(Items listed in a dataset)
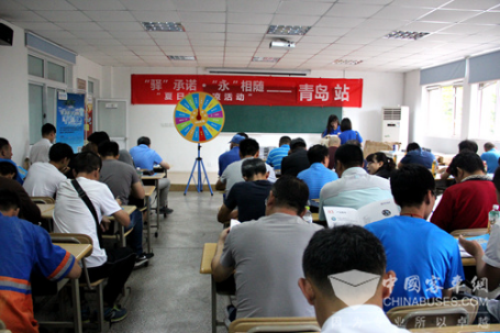 据了解,青岛公交集团共有五个运营分公司派代表共计100余人参加了此次青岛站“夏日送清凉”活动。整场活动在青岛公交驾校培训室举行,每张桌子上都摆放好了提前准备的活动宣传页、问卷调查、笔和饮料,整齐有序。活动内容分为三项,一是问卷调查,二是幸运大抽奖,三是有奖问答,活动现场非常热闹。最终,青岛站活动在合影留念后落下帷幕。
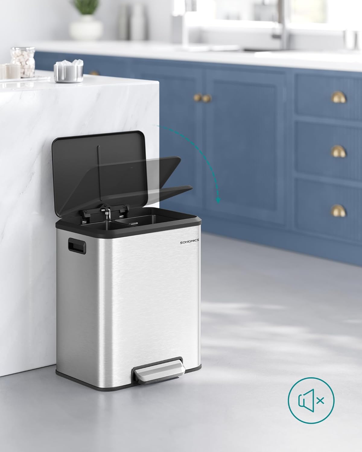 Dank der zwei 15-Liter-Fächer ist die Mülltrennung in der Küche ein Kinderspiel. Nutzen Sie ein Fach für Restmüll und das andere für Wertstoffe – immer geordnet und hygienisch.
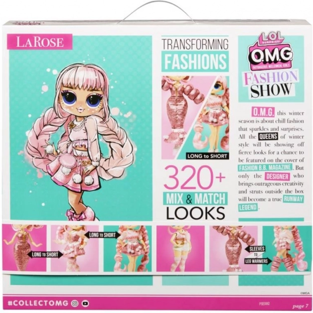 Připrav se na přehlídkové molo s úplně novými panenkami L.O.L. Surprise! OMG Fashion Show Style Velkými ségrami. Nové panenky z této edice – Missy Frost a La Rose – jsou ještě nápaditější a víc rošťácké než kdy předtím! Rozbal limitovanou edici vzorů a doplňků a připrav se na focení detailů! Můžeš vytvořit až 320 různých módních kombinací!
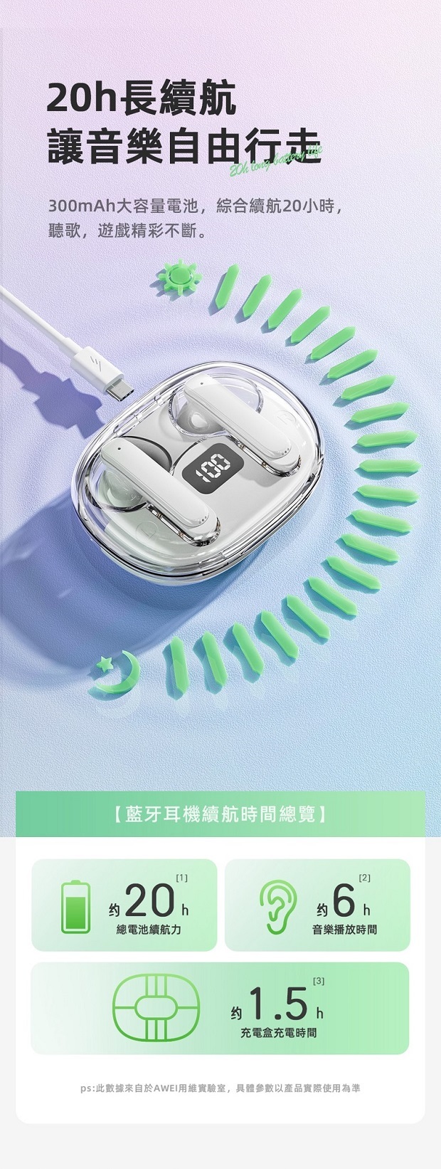 ✔充電倉容量:300mAh
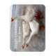 Foto de Zolotareva.Ganso branco na neve branca.Gansos são engraçados.Você pode adicionar nome ou texto personalizado. Personalize esta modelo.
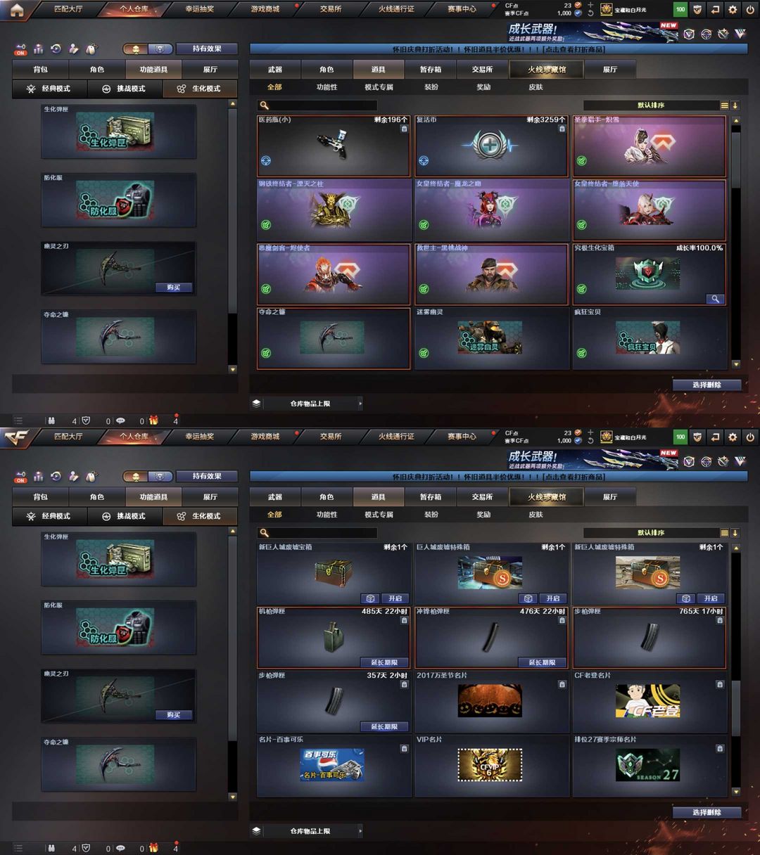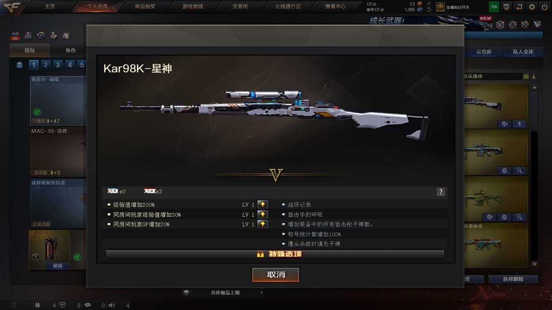 南部双全装/98k星神/六列蝴蝶/六盘炼狱双皮/四方带生化标记的隼/四方鹰/三生化妖姬雷/双面神/

[WORK ORDER]: Give back, exactly and with nothing added, the lines from the line with "Připrav se na přehlídkové" through the final line of the data, both included; leave pictures out.

[WRITTEN SOLUTION]:
 Připrav se na přehlídkové molo s úplně novými panenkami L.O.L. Surprise! OMG Fashion Show Style Velkými ségrami. Nové panenky z této edice – Missy Frost a La Rose – jsou ještě nápaditější a víc rošťácké než kdy předtím! Rozbal limitovanou edici vzorů a doplňků a připrav se na focení detailů! Můžeš vytvořit až 320 různých módních kombinací!
 ✔充電倉容量:300mAh
 Foto de Zolotareva.Ganso branco na neve branca.Gansos são engraçados.Você pode adicionar nome ou texto personalizado. Personalize esta modelo.
 南部双全装/98k星神/六列蝴蝶/六盘炼狱双皮/四方带生化标记的隼/四方鹰/三生化妖姬雷/双面神/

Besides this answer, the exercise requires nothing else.